According to O*NET task surveys of working human resources managers, these are the core responsibilities most professionals perform. This is what your teen would actually be doing in this role.

  1. 1.Represent organization at personnel-related hearings and investigations.
  2. 2.Identify staff vacancies and recruit, interview, and select applicants.
  3. 3.Maintain records and compile statistical reports concerning personnel-related data such as hires, transfers, performance appraisals, and absenteeism rates.
  4. 4.Provide current and prospective employees with information about policies, job duties, working conditions, wages, opportunities for promotion, and employee benefits.
  5. 5.Serve as a link between management and employees by handling questions, interpreting and administering contracts and helping resolve work-related problems.
  6. 6.Negotiate bargaining agreements and help interpret labor contracts.
  7. 7.Advise managers on organizational policy matters, such as equal employment opportunity and sexual harassment, and recommend needed changes.
  8. 8.Investigate and report on industrial accidents for insurance carriers.

Top skills for human resources managers

O*NET ranks these as the most important skills for this occupation, on a 1–5 importance scale derived from worker surveys.

Active Listening
4.4
Management of Personnel Resources
4.3
Speaking
4.3
Reading Comprehension
4.3
Writing
4.1
Coordination
4.1
Critical Thinking
4.0

What education does my child need to become human resources manager?

The standard path into human resources managers begins with a bachelor's degree in a related field, followed by entry-level experience or internships during college. For parents helping a teen prepare, the highest-leverage step before junior year is identifying colleges and programs that feed reliably into this occupation — Solyo's college search lets parents filter by major and admissions data side by side.

Actual education levels of working human resources managers

Based on O*NET surveys of incumbents — what people in this job actually have, not what employers list as required.

Bachelor's degree
81.8%
Post-bachelor certificate
9.1%
Post-secondary certificate
4.5%
Master's degree
4.5%

Related careers your child might also consider

How parents help teens explore careers like this

Solyo helps parents map a teen's interests to specific careers, then back to the colleges and majors that lead there. Salary, outlook, and education data come from BLS and O*NET — the same sources high school counselors use — but presented for the parent's planning lens, not the student's exploration view.

Common questions parents ask about human resources managers

What is the median salary for human resources managers?

The median annual salary for human resources managers is $140,030 according to the latest Bureau of Labor Statistics data.

Is human resources managers a growing career?

BLS projects +5.0% growth for human resources managers from 2024 through 2034, which is average growth projected to grow at roughly the US average.

What education does my child need to become human resources manager?

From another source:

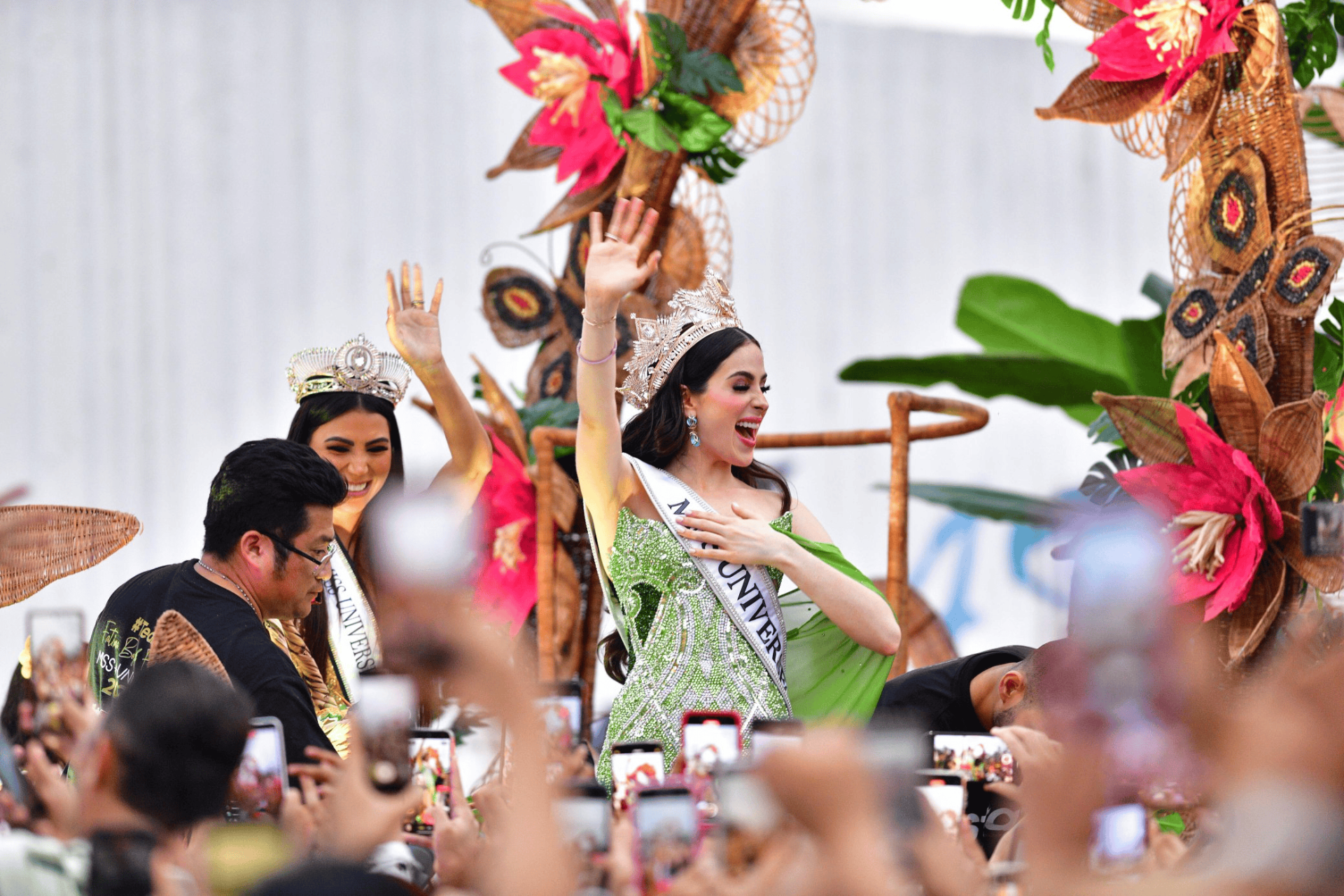 Bosch abordó su carro alegórico a las 17:51. Decorado con garzas de petate, mariposas de semillas y la leyenda “Miss Universe México 2025, Fátima Bosch”. Durante el trayecto saludó al público, lanzó dulces y posó para fotografías con las familias.

The typical entry path requires a bachelor's degree, plus any state licensure or certification specific to the role. Programs that align well with this career can be filtered inside Solyo's college search.

What careers are similar to human resources managers?

Related occupations within the Management category share education paths and skill profiles, so they're a useful starting set when a teen is uncertain. The "Related careers" section below lists nearby options.

Salary data sourced from the U.S. Bureau of Labor Statistics Occupational Employment Statistics program. Skills, tasks, and education distribution from the O*NET database. Job outlook from the BLS Employment Projections 2024–2034 release.